Like all good soldiers, he outlived his usefulness.
Mann’s first film for MGM the brutal Border Incident bridged his penchant for the police-procedural/noir to his future Westerns in scintillating and spellbinding fashion.
In an effort to stop the tide of illegal immigration over the Mexican-California border two government agents, the Mexican Pablo Rodriguez (Ricardo Montalban) and American Jack Bearnes (George Murphy) go undercover to infiltrate a band of migrant workers and the Combine which exploits and kills the helpless “braceros”. Cut off from all means of communications the agents are outwitted then led to slaughter by the ruthless boss (slimy Howard De Silva) and his bloodthirsty sidekick (Charles McGraw).
It’s dealer’s choice and I’m the dealer.
Side Street is a cautionary noir about a postman and his pregnant wife whose indiscretions in the criminal world cost them dearly. Part-time NYC letter deliverer Joe Norson (Farley Granger) has dreams of taking his young family to see all the great sites of the world, but in the meantime he has to provide for his pregnant wife Ellen (Cathy O’Donnell), so when the opportunity to lift $200 from a wealthy lawyer presents itself Joe makes the grab. When he takes the pilfered parcel home Joe is shocked to find he actually has $30,000 in stolen booty and the mob on his tail.
In Side Street Mann’s predilection for all things vertical comes shining through.
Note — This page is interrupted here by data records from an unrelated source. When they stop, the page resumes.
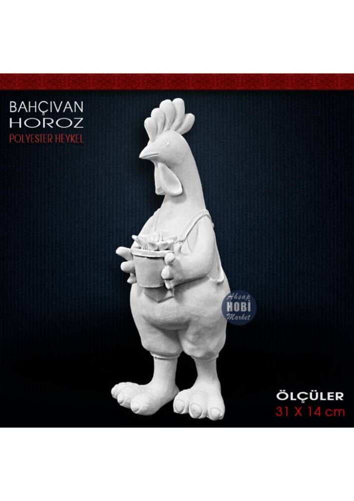 Bahçıvan Horoz Biblo Heykeli (31x14 cm) Ham Polyester
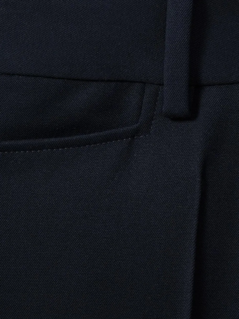 The Navy Gabi suit trousers are designed with flared hems, crafted from a smooth-feel fabrication for a natural fluidity. Matching blazer Mid-rise Side pockets Pressed creases Flared The model is wearing a size 8.Measurements of model: Height 5ft 10” / 177.8cm. Do not wash. 67% Polyester, 28% Viscose, 5% Elastane.
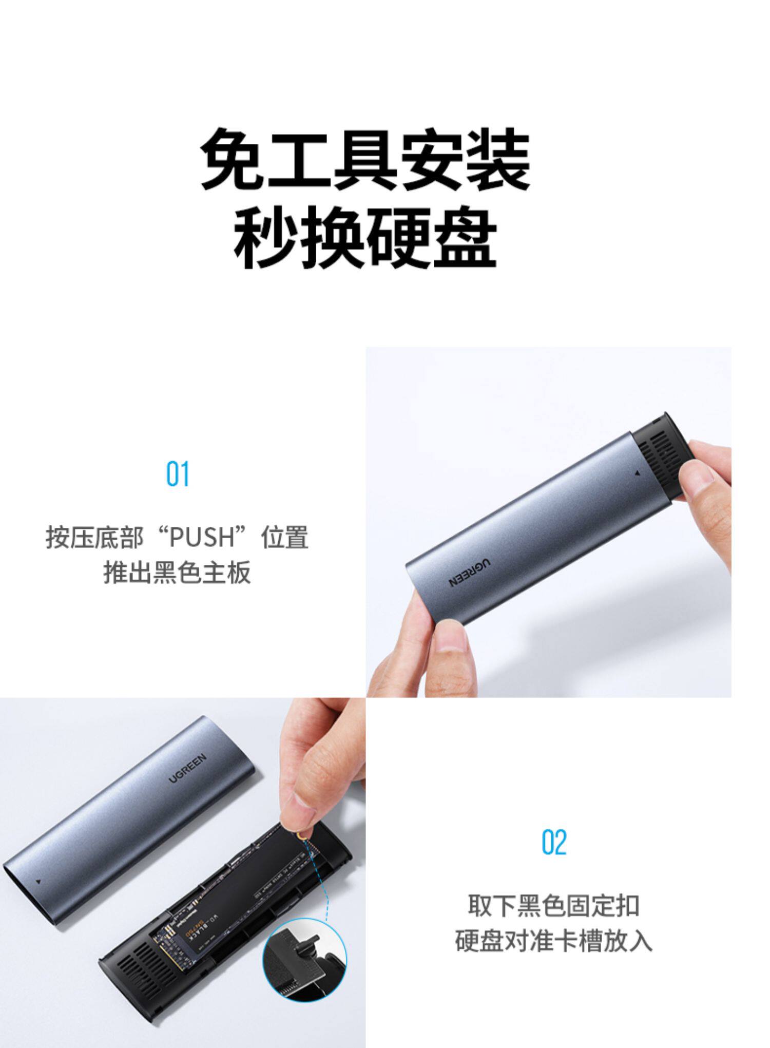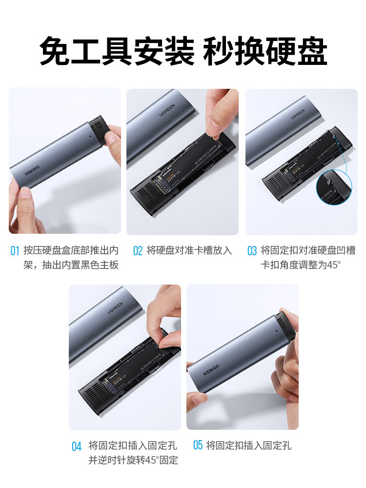- Интерфейс SATA [NGFF Protocol-5 Гбит / с] с USB-кабелем данных
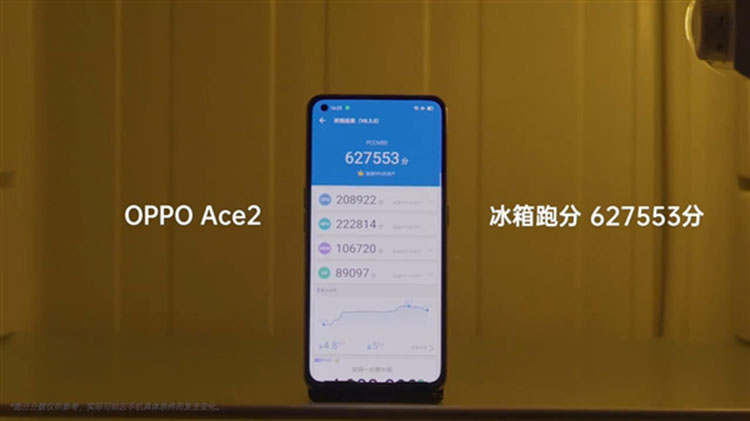 OPPO还开启实验室极致版冰封模式,将一部Ace2放入冰箱,结果跑出了627553分, 比普通模式高出了超过1.1万分!
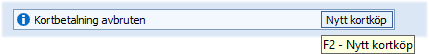 Om det automatiserade förslaget av kortbetalning används, d.v.s. "Föreslå alltid betalningssätt Kort" ska kortköpet först avbrytas med knappen "Avbryt kort" eftersom beloppet då har skickats direkt till terminalen.
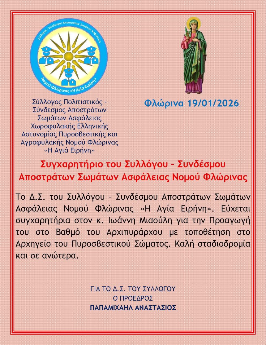 Το Δ.Σ. του Συλλόγου – Συνδέσμου Αποστράτων Σωμάτων Ασφάλειας Νομού Φλώρινας «Η Αγία Ειρήνη». Εύχεται συγχαρητήρια στον κ. Ιωάννη Μιαούλη για την Προαγωγή του στο Βαθμό του Αρχιπυράρχου με τοποθέτηση στο Αρχηγείο του Πυροσβεστικού Σώματος. Καλή σταδιοδρομία και σε ανώτερα.
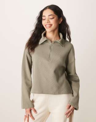 Hoodies & Sweatshirts by ASOS DESIGN Waffle-textured finish High neck Partial zip fastening Drop shoulders Relaxed fit
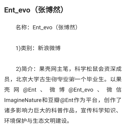 @Ent_evo是谁?有网友扒出了这个“Ent_evo”的底细:711分的高考状元;北大古生物学博士;国内知名科普内容团体,科学松鼠会会员;
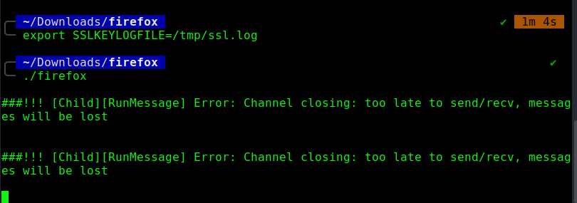 After setting the export SSLKeylogfile command export SSLKEYLOGFILE=/tmp/ssl.log in the same terminal were I did start firefox, the browser did open, but no ssl.log file were written.
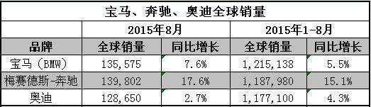 德系三强BBA 8月单月及前8月全球销量
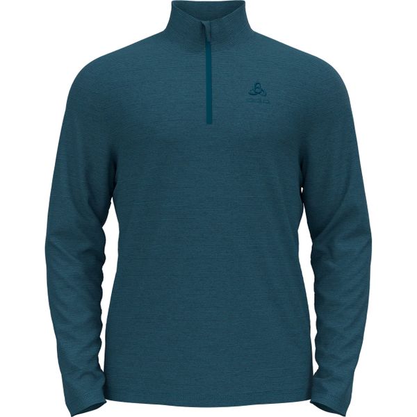 "The Odlo Roy Mid Layer with half-length zipper is the ideal choice for sporting activities in cold weather, whether skiing or hiking. Made from 100% recycled microfleece, it offers excellent thermal insulation and breathability. These properties ensure that you maintain a comfortable body climate even during intensive challenges and that your performance is not impaired"
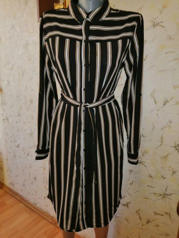 Евро размер 36, смотрите замеры. Состояние отличное, без дефектов. Ткань средней плотности, не просвечивает, не тянется, 100% полиэстер. Цвет основной черный. Длина от верхней точки плеча к низу 98. Длина рукава от плечевого шва 60. П/о бицепса 17. П/о груди 47. П/о талии 48. П/о бедер 50. Ширина между плечевыми швами 40. 56
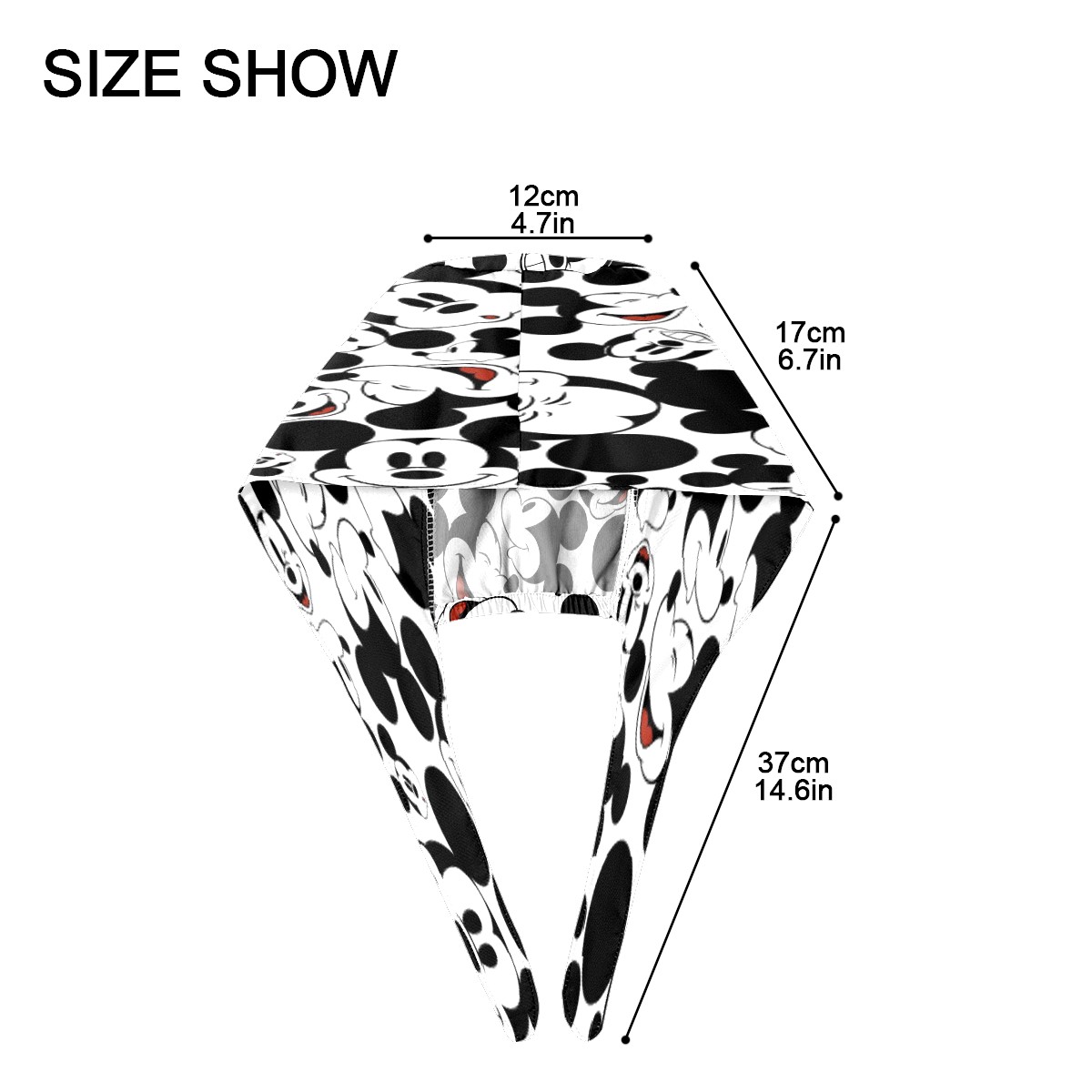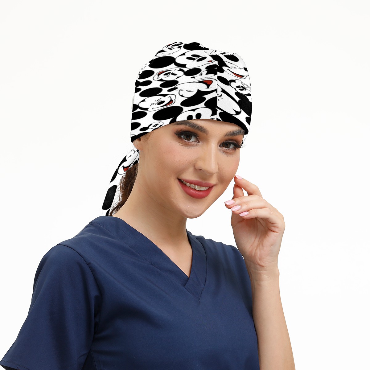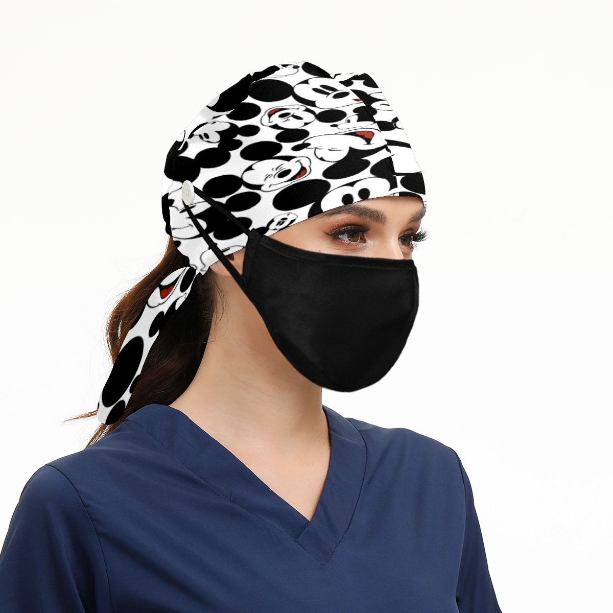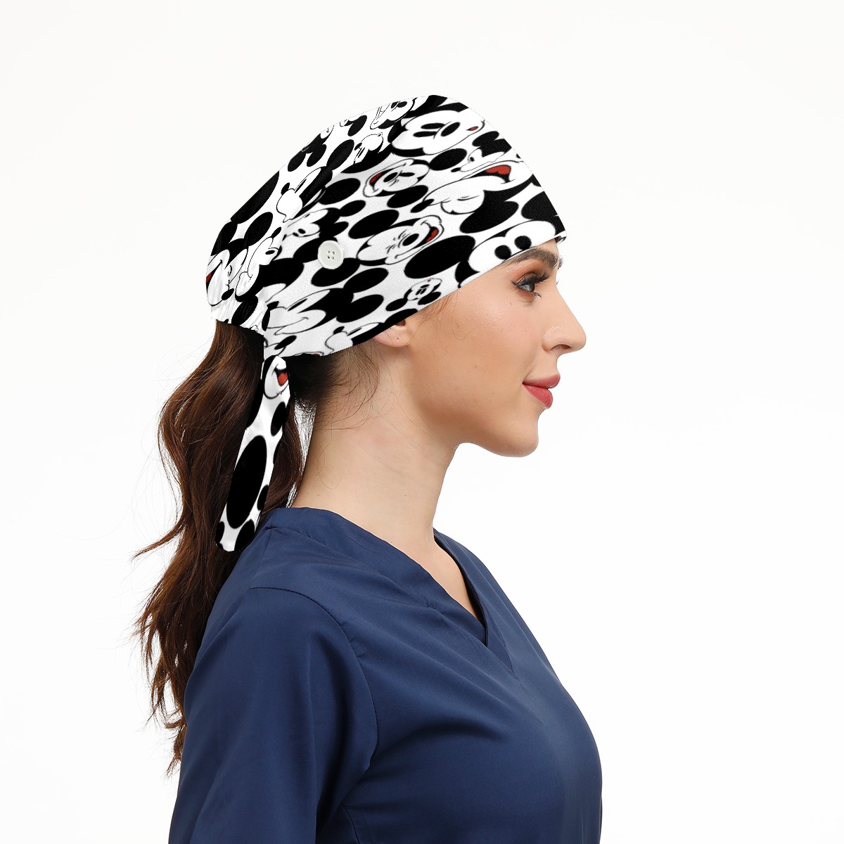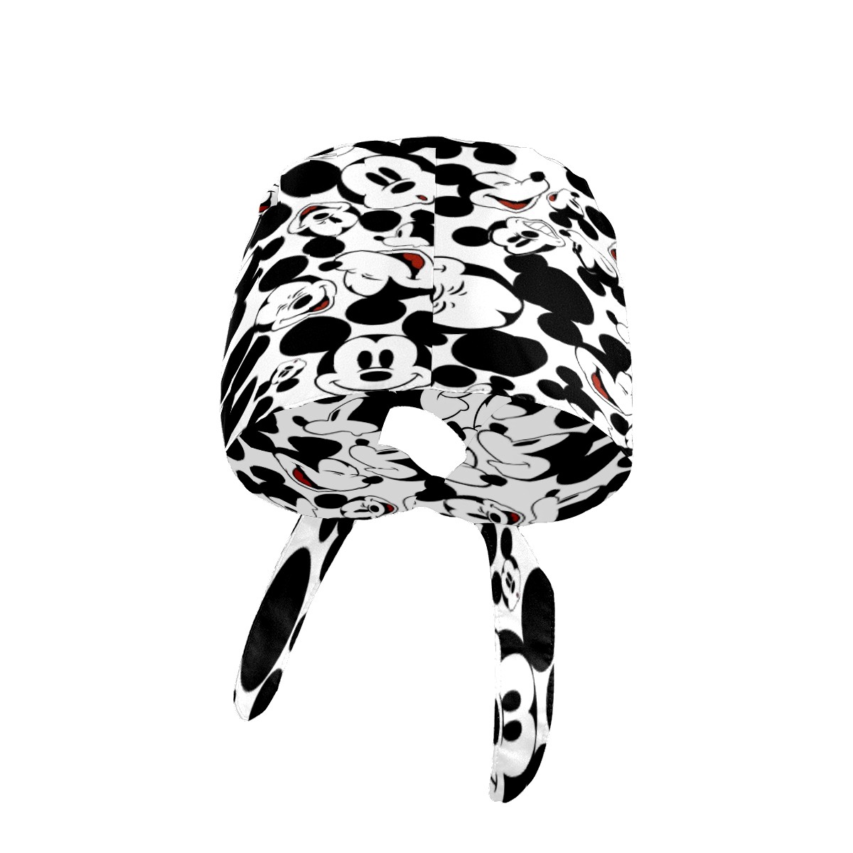Fashion Working Cap Button and Sweatband Adjustable Elastic Happy Mickey Mouse Black White Head Cover Hair Tie Back Work Hats for Women Men
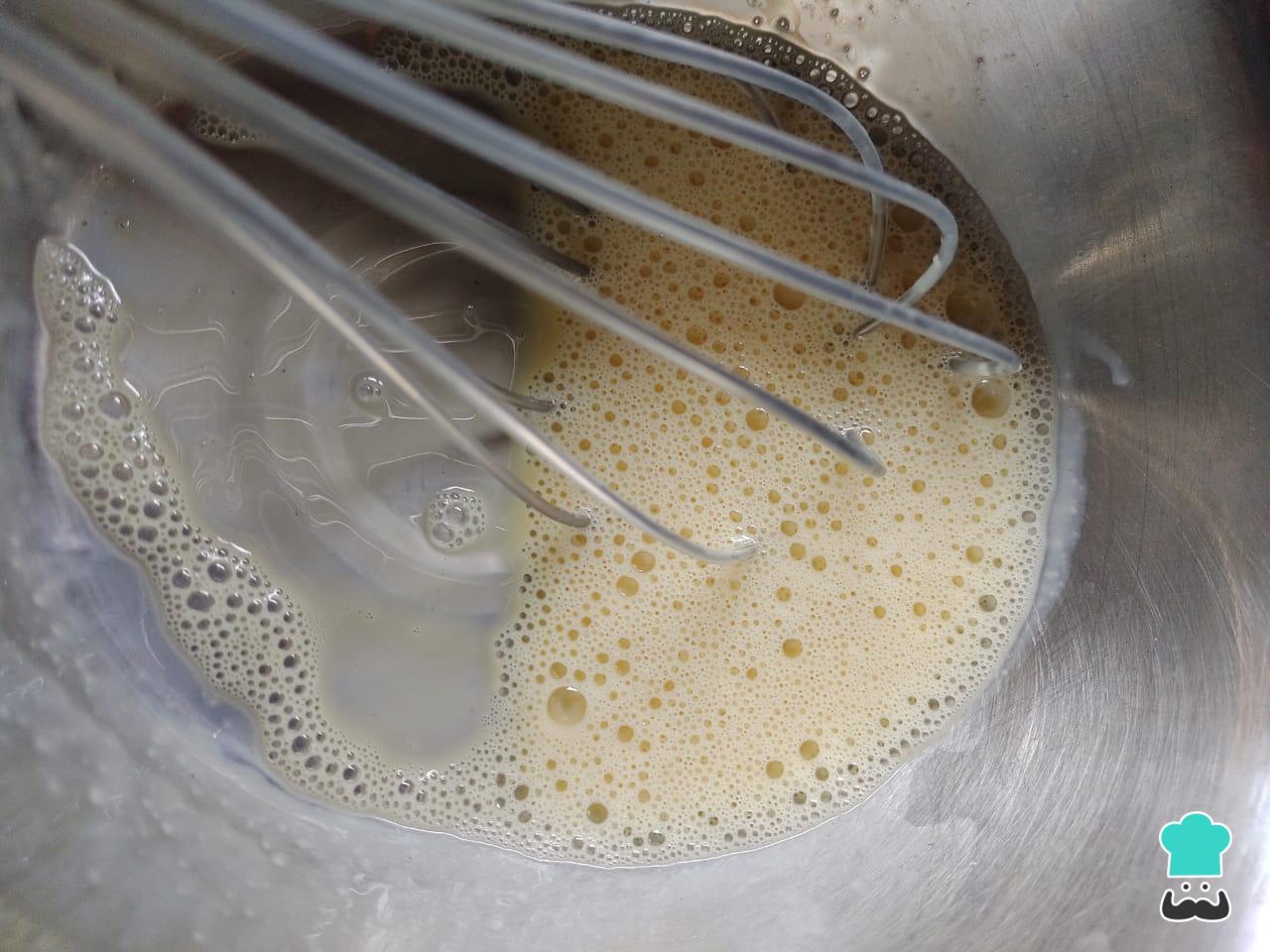 En un recipiente, agrega el huevo y la leche. Bate enérgicamente hasta lograr que la mezcla espese un poco. Viértela sobre cada rocoto relleno para una mejor cocción en el horno.
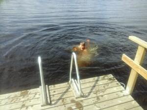 Julius uimassa Vuokatin Nuasjärvessä juhannuspäivänä 2019
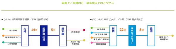 最寄駅:国際展示場駅(下車 徒歩約7分)、東京ビッグサイト駅 (下車 徒歩約3分)、都営浅草線・大江戸駅の大門駅B2出口から 徒歩約7分
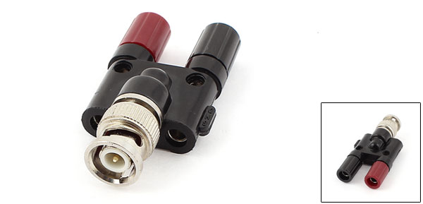 Main Color Black, Red, Silver Tone Net Weight 26g Brand DMiotech Country of Manufacture CHINA Package Content 1 x BNC Male to Dual 4mm Binding Post Material Plastic, Brass(Nickel Plated) Connection Accept 4mm Male Plug/ Stripped Cable Size 53 x 30 x 15mm/ 2.1 x 1.2 x 0.6inch(L*W*H) - Reviews
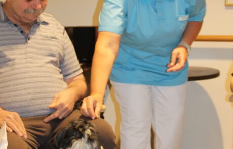 Hundetherapie mit Sabine Oberhauser von „Herzenshunde“ und den beiden Gästen Bruno Rumpold und Horvath Alfred
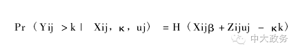 由于本文中的数据同时涉及了宏观层面和微观层面,运用传统的统计模型不能解决个体不独立的问题。因此,本文采用多层线性模型 ( Hierarchical Linear Model,HLM) 进行统计分析,该方法能够有效地将不同分析层次变量整合到同一个分析模型中。由于因变量是定序变量,故需采用最大似然估计法。本文的模型设定如下:
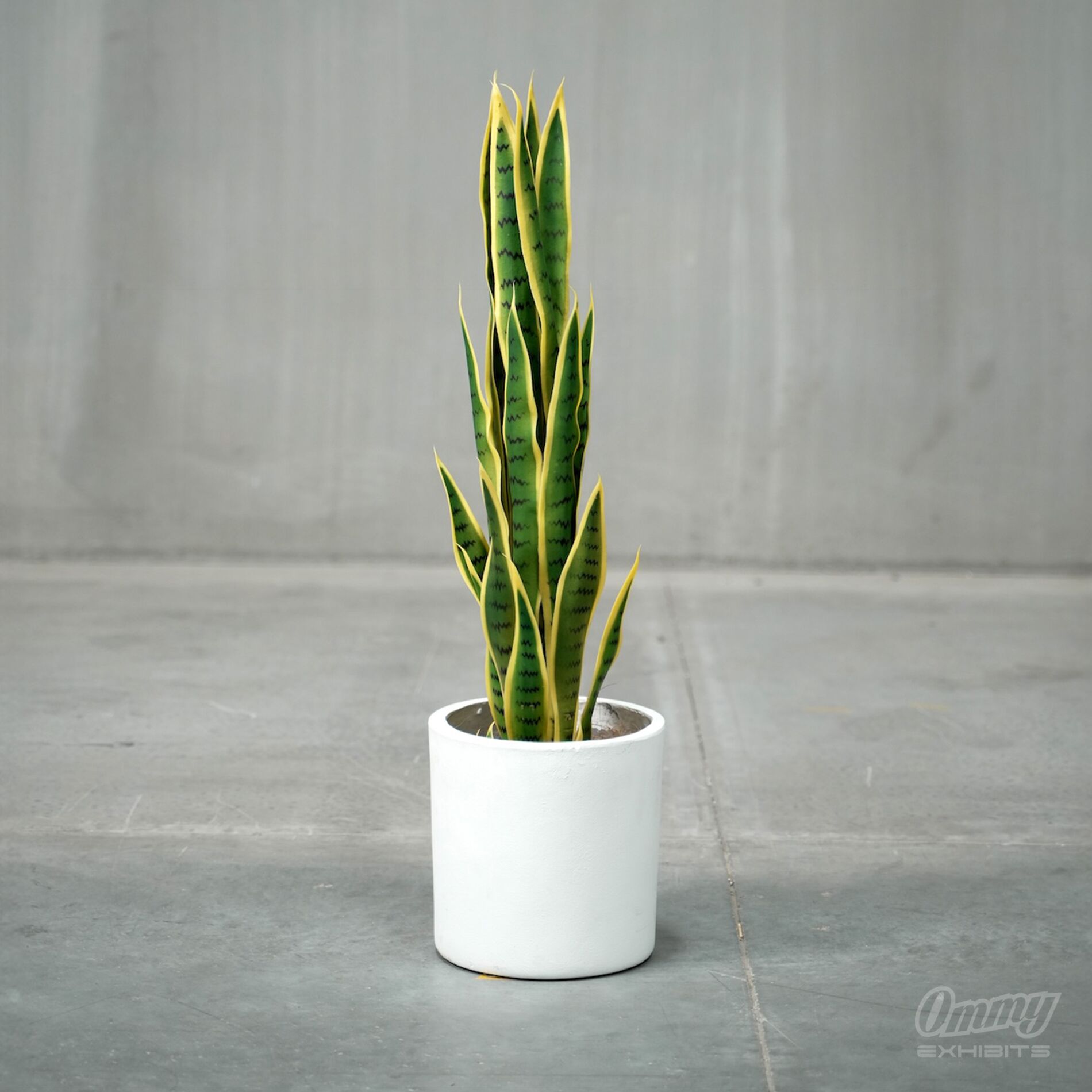 Realistic, potted Snake plant in a white ceramic pot.

Shot mostly on location (by Joseph Ruttenberg) in New York City, the city’s skyscrapers and streets eerily resemble the jagged mountains and deep canyons of the director’s psychologically complex westerns.
The loneliest, the kindest, and the cruelest of cities.
The Tall Target is yet another police procedural, but this time framed in an intriguing historical context. Set in 1860 John Kennedy (Dick Powell) is a New York City cop frustrated by his inability to convince his bosses of an impending conspiracy to assassinate the newly elected President Abraham Lincoln. Kennedy boards a Baltimore-bound train to head off the President but he quickly finds the conspirators are on to him. After he loses his gun and seat on the train, Kennedy finds he must use all of his wits to trip up the elaborate plot and ensure the President’s survival.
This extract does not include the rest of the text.